Each line between the one holding "Ein Foto, das" and the end of the material below, both included, is to be transcribed word for word, with pictures left out.

*** Opening SUPPLIED MATERIAL ***

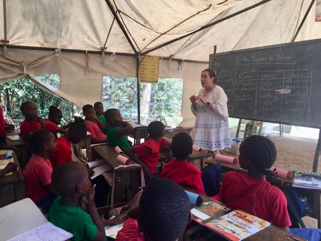 I have thoroughly enjoyed teaching again. I have a Grade 6 English class and we have been working on writing composition. The children are hungry to learn, there is much fun and laughter to be heard around the school grounds. Half the classes are in tents and half are in temporary classrooms made of corrugated iron (very hot).
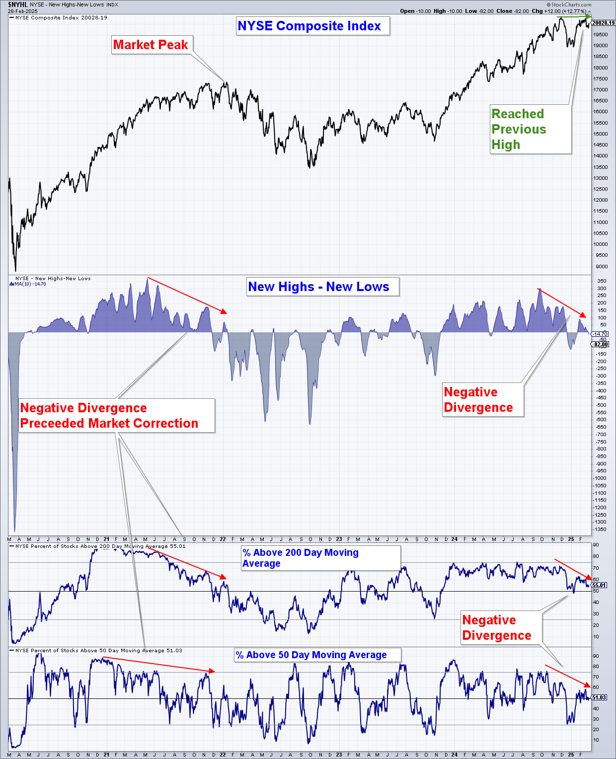 While the NYSE Composite Index has recently revisited its highs from late last year, market breadth is signalling a warning. Beneath the surface, breadth indicators have been deteriorating for months, raising concerns about the sustainability of the market's current bull market advance.
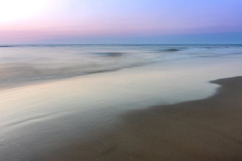Ein Foto, das während eines sanften Sonnenuntergangs mit Pastelltönen am Himmel aufgenommen wurde. Die ruhige See gibt eine schöne Atmosphäre. Fotografiert auf Ameland, einer der schönen Watteninseln.
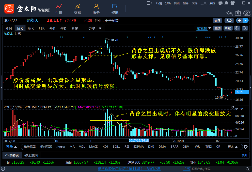 黄昏之星是黎明之星的反向形态,是一种可靠性较高的见顶形态,当股票经过一波上涨后出现此形态,需要引起重视,如果股价跌破形态支撑,不妨离场观望,关注股价后续走势。
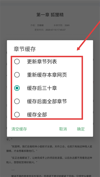 3、在章節緩存菜單中,選擇所需的緩存選項。
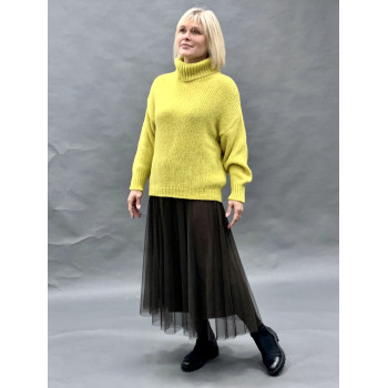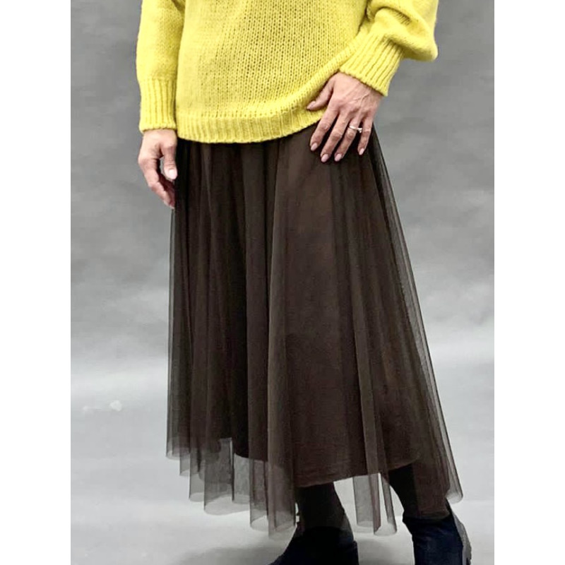 СПІДНИЦЯ з тюлю на підкладці з поясом на гумці, що ллється м'якими красивими фалдами, не додає обсягу, але надає вишуканості і контрасту образу. Особливе задоволення - це рідкісний та глибокий колір гіркого шоколаду!
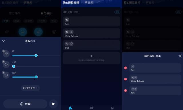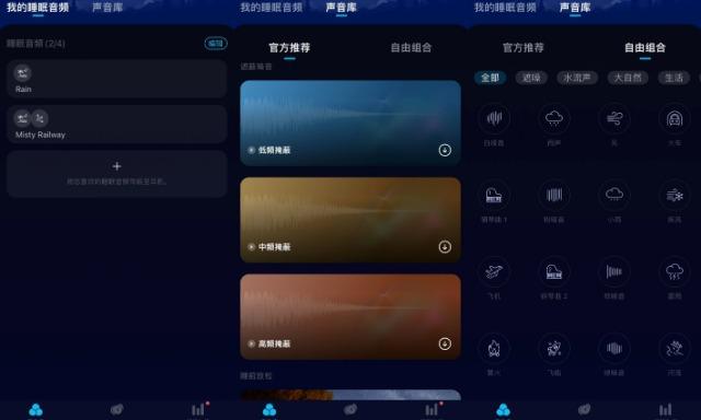 APP很簡潔,一共分為3個主菜單:聲音庫、Sleep A20、睡眠數據。聲音庫中擁有上百種白噪音,用戶可根據個人喜好選擇白噪音進行自由組合并傳輸至耳機,并可在我的睡眠音頻中對耳機已有的音頻進行刪除操作,實現花式助眠;

*** Closing SUPPLIED MATERIAL ***

EXPECTED ANSWER:
Ein Foto, das während eines sanften Sonnenuntergangs mit Pastelltönen am Himmel aufgenommen wurde. Die ruhige See gibt eine schöne Atmosphäre. Fotografiert auf Ameland, einer der schönen Watteninseln.
 黄昏之星是黎明之星的反向形态,是一种可靠性较高的见顶形态,当股票经过一波上涨后出现此形态,需要引起重视,如果股价跌破形态支撑,不妨离场观望,关注股价后续走势。
 3、在章節緩存菜單中,選擇所需的緩存選項。
 СПІДНИЦЯ з тюлю на підкладці з поясом на гумці, що ллється м'якими красивими фалдами, не додає обсягу, але надає вишуканості і контрасту образу. Особливе задоволення - це рідкісний та глибокий колір гіркого шоколаду!
 APP很簡潔,一共分為3個主菜單:聲音庫、Sleep A20、睡眠數據。聲音庫中擁有上百種白噪音,用戶可根據個人喜好選擇白噪音進行自由組合并傳輸至耳機,并可在我的睡眠音頻中對耳機已有的音頻進行刪除操作,實現花式助眠;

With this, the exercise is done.